Do not ask me for calm or restraint because I am tired of your requests. How long will you accuse me of being responsible for the racism of which I am a victim? How long will you continue to say that I am the same as those who rape me and want to kill me? How long will you keep asking me to wait while you kill or threaten to kill a part of me? Until when? Or have they not yet realized that any death or threat of racist death is a death for the very idea of the values of humanity they so much like to preach? Only acceptance of the death of the very idea of humanity can lead a political community not to feel itself threatened by death threats based on racial hatred. Therefore, the only decency I expect from those who insist on denying or relativising racism is that they have the intelligence and courage to kill racism before it kills us. For me, as for the overwhelming majority of racialized people, it is increasingly difficult to breathe this air, and it is already unbearable for us to see society and its institutions whistling to the side in the face of our suffering and pain. We have survived because we have never lacked the courage to loosen the suffocation of racism that stifles our lives. We will continue to do so, no matter what the cost. It remains to be seen how long society and its institutions will continue to lack the courage to face the monster. Either we kill the monster or it will kill us all.

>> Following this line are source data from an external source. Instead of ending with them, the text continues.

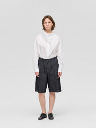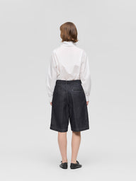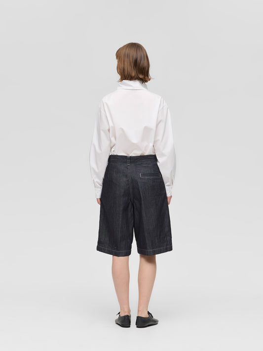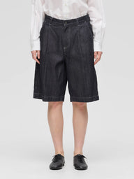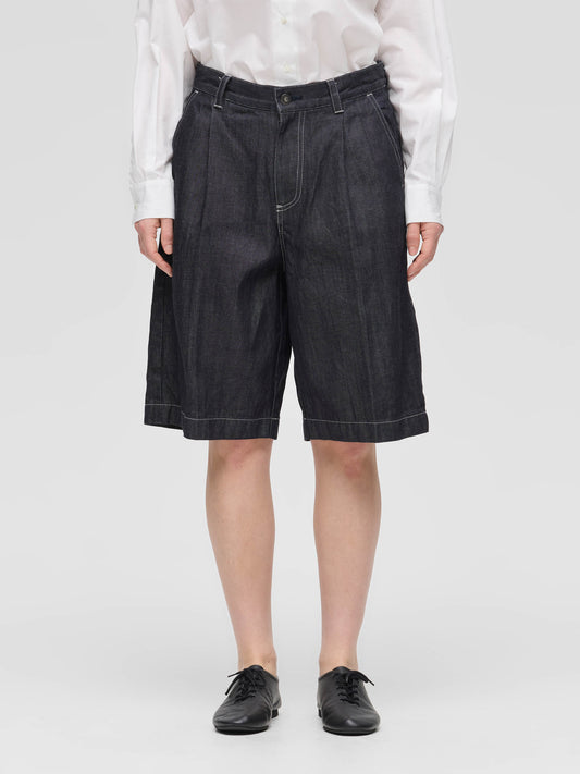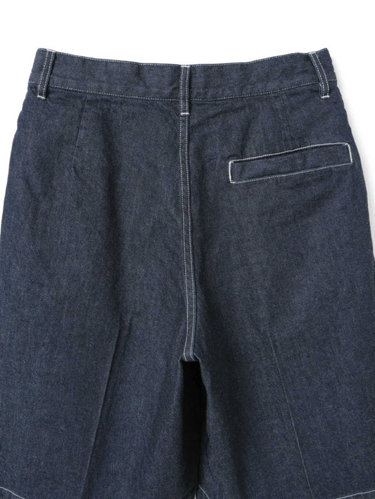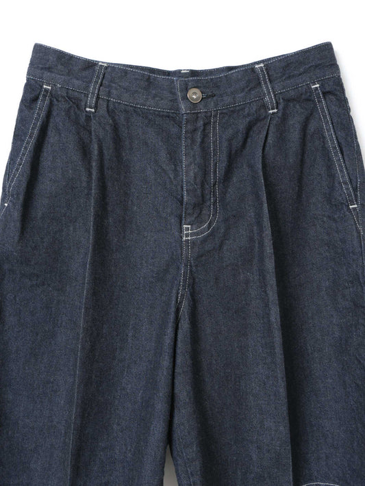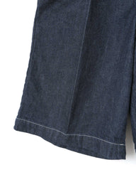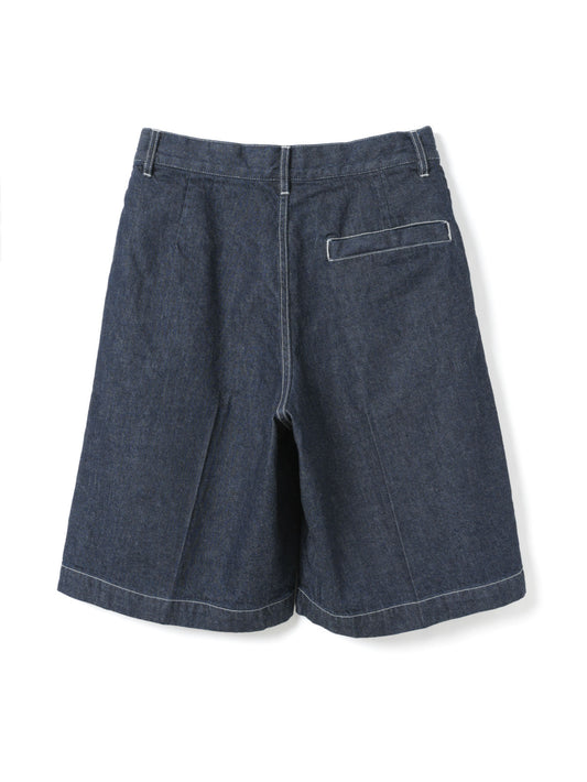 ウエストにワンタックとセンタープレスを施し、カジュアルなデニム素材ながらも大人っぽく上品に仕上げたハーフパンツ。膝丈で、すっきりとしたバランスで着用できます。程よくゆとりのあるLサイズ相当のシルエットは、リラックス感がありながらもラフになりすぎない絶妙な仕上がり。ベルトループ付きでスタイリングの幅も広がります。素材には10OZデニムを使用し、軽すぎず重すぎないちょうど良い穿き心地で、ロングシーズン活躍する一本です。色違いのブリーチタイプ(1-260095BL / denim half PT)も展開。同素材のカバーオール(1-270039OW / wide denim coverall)とセットアップもおすすめ。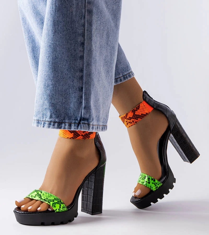 Sandale Knoxville cu imprimeu din piele de șarpe verde
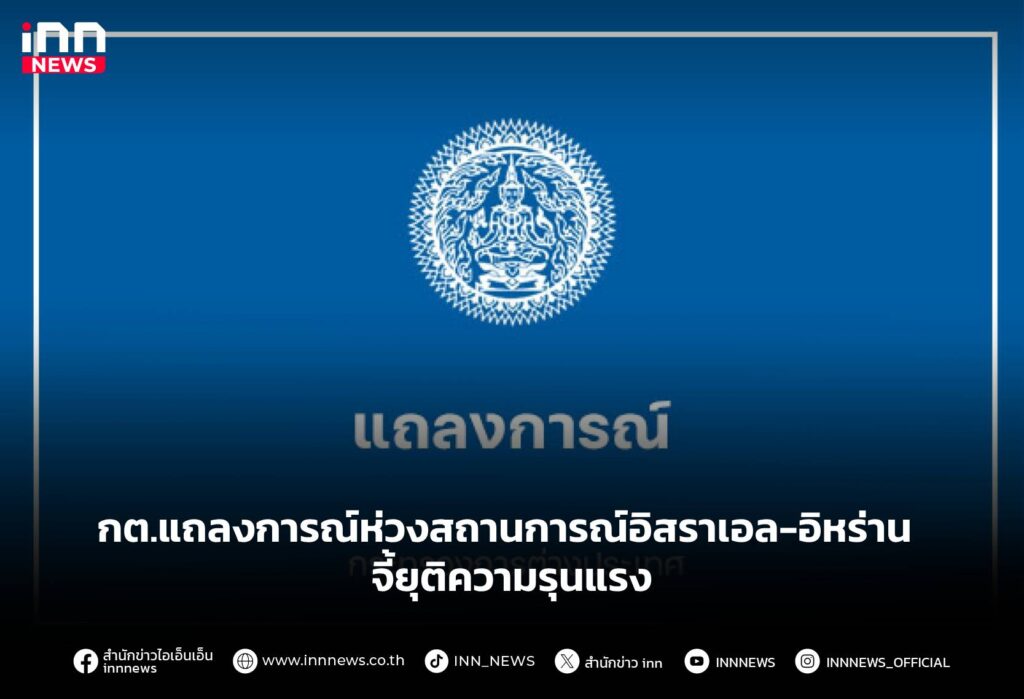 กต.แถลงการณ์ ห่วงสถานการณ์อิสราเอล-อิหร่าน ตึงเครียดหนัก เรียกร้องทุกฝ่ายยุติใช้ความรุนแรง เร่งช่วยคนไทยออกจากพื้นที่เสี่ยง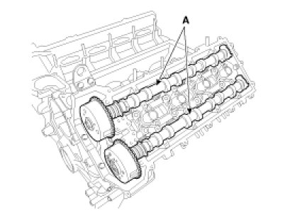 5. Install the LH/RH CVVT and camshaft assembly (A).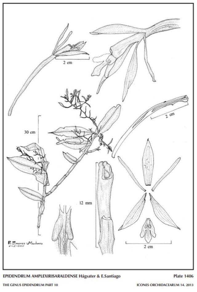 "Epidendrum amplexirisaraldense belongs to the GROUP Arbuscula which is characterized by the erect plants where the new stems originate from the apical internodes of the previous stem, and the SUBGROUP Amplexicaule which has short-acuminate leaves and lax, few-flowered, paniculate inflorescences with prominent floral bracts. The species is recognized by the lax, greenish flowers distributed along the flexuous rachis, the ovary does not form a vesicle, the cuneate base of the lip and the obliquely oblong lateral lobes of the lip. Epidendrum alexii Hágsater & Dodson is vegetatively similar but the flowers are white, the rachis straight, the ovary forms a minute vesicle just behind the perianth, the base of the lip is slightly cordate with the lateral lobes triangular-dolabriform and the margin erose. Epidendrum amplexicaule Lindl. has the flowers aggregate towards the apex of the rachis, a truncate base of the lip, sub-quadrate lateral lobes of the lip with the margin dentate and strongly divaricate with respect to the mid-lobe which is ob-deltate with the apex truncate." Hagsater etal 2013

That is why, if we want a common collective future, there is only one choice: to defend democracy while there is time, facing with determination the barbarity of the extreme right.

14 August 2020

Exclusive text of Mamadou Ba for the Portuguese newspaper Expresso. Translated by International Viewpoint and published with the authorization of the author.

Footnotes

[1] From the poem “If We Must Die” by Festus Claudius “Claude” McKay (1889–1948) Jamaican writer and poet.

[2] The three Black women members of Parliament are Joacine Katar Moreira an independent, Beatriz Gomez Diaz of the Left Bloc and Romualda Fernandes of the Socialist Party. André Ventura was elected to parliament representing the party he founded Chega! (Enough!) which is a rightwing, nationalist, populist party.

[3] Those targeted include Joacine Katar Moreira, Beatriz Gomez Diaz, Mariana Mortágua another Left Bloc MP, and Mamadou Ba, leader of SOS Racismo.